Part 2 (ch10) Questions T/F & Multiple Choice


Mark T (True) or F (False) in each of the following sentences.

1 Historically, over long horizons, investments in stocks is expected to outperform investments in bonds.

2 The expected, or mean, return is the return we expect to earn on average.

3 The realized or total return for an investment is the total return of the dividend yield and the capital gain rate.

4 The market risk premium is the expected average return of the market portfolio.

5 The total risk of a security represents only its systematic risk.

6 Because investors can eliminate idiosyncratic risk, they do not require a risk premium for taking it on.

7 Investors typically demand a higher return for investments with higher levels of risk.

8 Systematic risk can be diversified away by holding a well-diversified portfolio of assets.

9 Standard deviation is a measure of the total risk of an investment.

10 Diversification involves spreading investment across different assets to reduce risk.

11 Systematic risk is specific to individual assets and can be diversified away by holding a diversified portfolio.

12 The risk-return tradeoff suggests that higher returns are associated with higher levels of risk.

13 Investors always prefer investments with lower risk, even if it means sacrificing potential returns.

14 In finance, risk refers to the uncertainty that an investment’s actual return will differ from its expected return.

15 The market risk premium represents the excess return that investors expect to earn from investing in the market over the risk-free rate.

16 Systematic risk, also known as market risk, is the risk that is inherent to the entire market or an entire market segment.

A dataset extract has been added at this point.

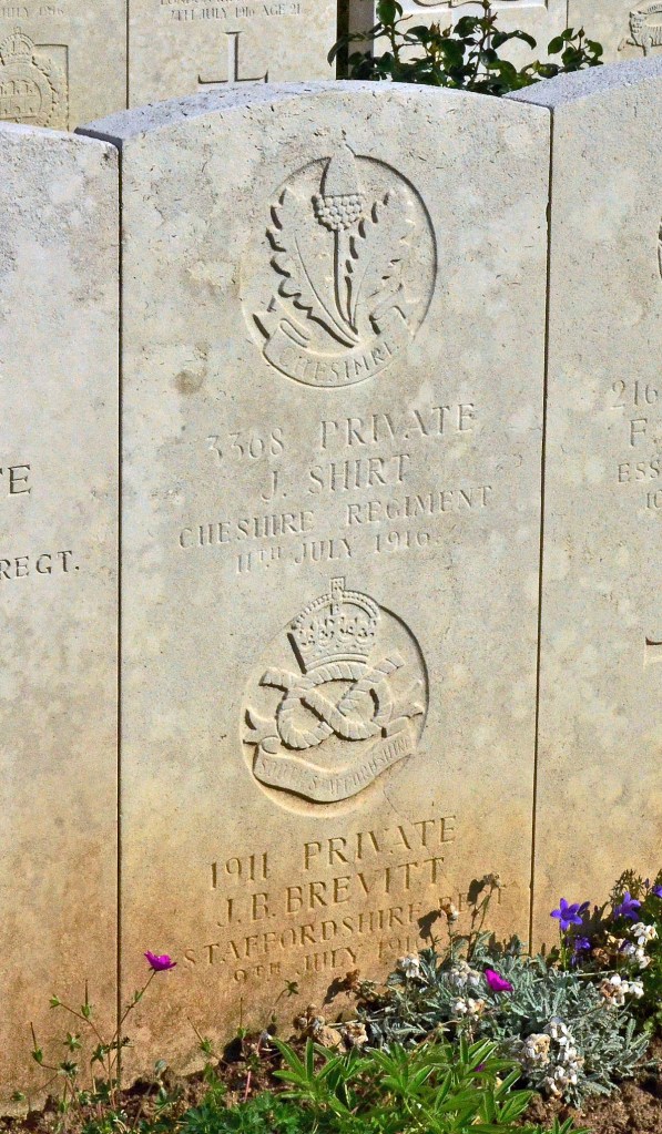 11/07/1916 Private James Shirt (Age 19) A Coy. 6th Bn. Le Treport Military Cemetery, Seine-Maritime France. ‘3368’ Son of Benjamin and Annie Shirt, of Glossop. (pic from findagrave.com – with thanks)

17 Systematic risk cannot be eliminated through diversification because it affects the entire market.

18 Systematic risk is specific to individual assets and can be diversified away by holding a diversified portfolio.

19 The following risk is an example of firm-specific risk: The risk that the founder and CEO retires

20 The following risk is an example of firm-specific risk: The risk that oil prices rise, increasing production costs

21 The following risk is an example of firm-specific risk: The risk that a product design is faulty and the product must be recalled

22 The following risk is an example of firm-specific risk: The risk that the economy slows, reducing demand for the firm’s products.

23 A value-weighted portfolio is an equal-ownership portfolio: the investors holds an equal fraction of the total number of shares outstanding of each security in the portfolio.

24 If investors have homogeneous expectations, then each investor will identify the same portfolio as having the highest Sharpe ratio in the economy.

25 An assumption of the CAPM is that investors are rational and will always prefer a higher over a lower Sharpe ratio.

26 An assumption of the CAPM is that only informed investors are allowed to borrow or lend at the risk-free rate.